L'expression
est connue. Quand les jeux sont faits. Quand rien ne va plus. Quand
il n'y a plus d'espoir en lien avec une situation donnée.
Mon
chien est mort.
Le
meilleur ami de l'homme (dit-on) prête son statut établi à une
expression qui a franchi des générations.
Ce
qui m'inquiète n'est pas tant que l'expression me semble moins
utilisée ces années-ci. Il n'y a rien de grave là-dedans. Pour
dire vrai, ce n'est pas au sens figuré que l'expression
m'inquiète, c'est au sens propre.
Notre
relation avec le chien (et d'autres animaux domestiques, cela dit)
est de moins en moins rationnelle.
Je
suis surpris de constater qu'une rangée complète d'une épicerie
à grande surface est dédiée aux animaux de compagnie. Que le chien
dispose d'un choix alimentaire souvent plus équilibré que ce que
les fast food offrent... Je suis surpris de voir jusqu'à quel
point on peut varier le menu de notre toutou ou de notre minou...
«
Ben oui, mais t'aimerais-tu ça, toi, manger toujours la même
affaire? »
L'idiotie
de la question me fait sursauter. « Je ne suis pas un chien, je suis
un humain. On ne comparera pas ça, non? » Eh, bien, oui! Pour
plusieurs, la différence est nulle. C'est du pareil au même. Le
chien, l'humain, même combat.
On
va au resto et on est à table avec son chien dans au moins un
établissement à Montréal.
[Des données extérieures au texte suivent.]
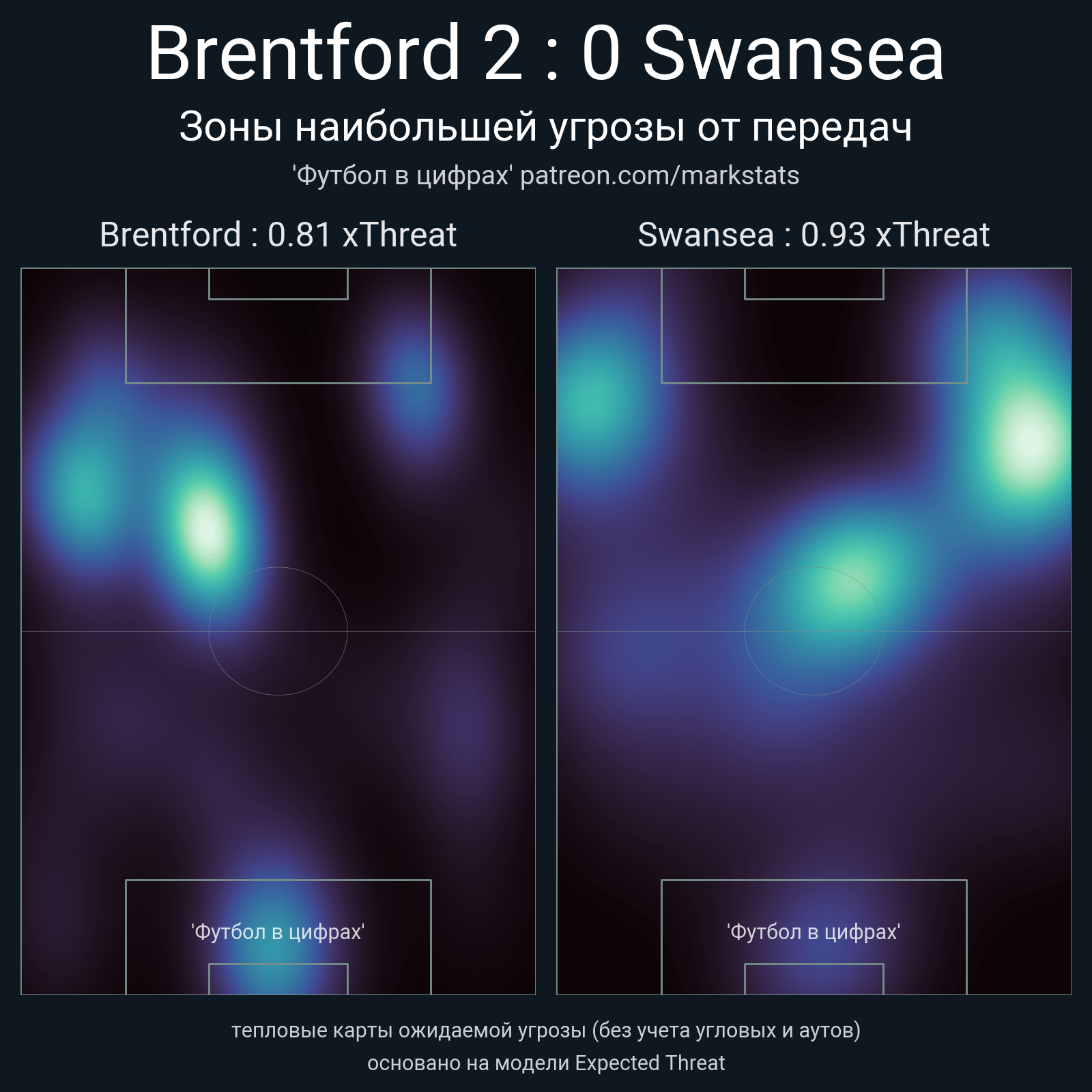 ▪ xThreat без учета угловых: 0.81 - 0.93

On fait des funérailles à son chien ou
son chat. On conserve ses cendres à la maison. On toilette notre
petite bête comme ce n'est pas possible. À quand le botox dans sa
belle petite face plissée? Ça viendra bien...
On
ne s'inquiétera plus d'une facture de plusieurs centaines, voire
milliers de dollars pour sauver un chien. « C'est comme mon enfant
». « C'est l'ami le plus fidèle que je n'ai jamais eu ».
Être rationnel, dans bien des cas, n'est plus une option à
considérer.
C'est
épeurant.
Comprenez-moi
bien : je crois dans les bienfaits prodigieux de la zoothérapie. Je
pense aussi que, dans une société qui, par sa structure de
performance, favorise la solitude et l'esseulement, un animal peut
être un compagnon bienfaiteur.
Mais
c'est un animal. Qui doit demeurer un animal.
Rendre
humain un animal, c'est aller au maximum du syndrome de Walt Disney
où chaque animal a une âme et réagit envers ses proches comme les
humains réagissent entre eux.
Je
suis ému en regardant des émissions comme Animo, où on voit des
gens investir quelques milliers de dollars qui prolongeront la vie
d'un chien grâce à des interventions chirurgicales majeures. Ému.
Complètement décontenancé, je devrais dire.
«
Bof, me direz-vous, si les gens ont l'argent, ce n'est pas pire
que d'acheter un spa, non? »
Je
n'ai rien à répondre à cela, je crois bien. En fait, la question
m'en inspire une autre : ils sont où, nos repères. Elles sont où,
nos valeurs de société? Elles sont perdues, quelque part, dans le
je-me-moi qui est devenu je-me-moi-mon-chien-mes-bébelles.
Des
fois je me dis que quand on parle des valeurs de notre société,
notre chien est mort. Que ça ne vaut plus la peine. Puis je me dis,
non, ne t'en fous pas, écris une chronique à la place...
Mais,
à la lecture de cette chronique, avec la réaction possible des
personnes qui vouent un culte presque religieux à leur bête
domestique, c'est peut-être mon chien qui est mort...
Clin
d'œil de la semaine
Mourir
seul comme un chien : expression en voie d'extinction.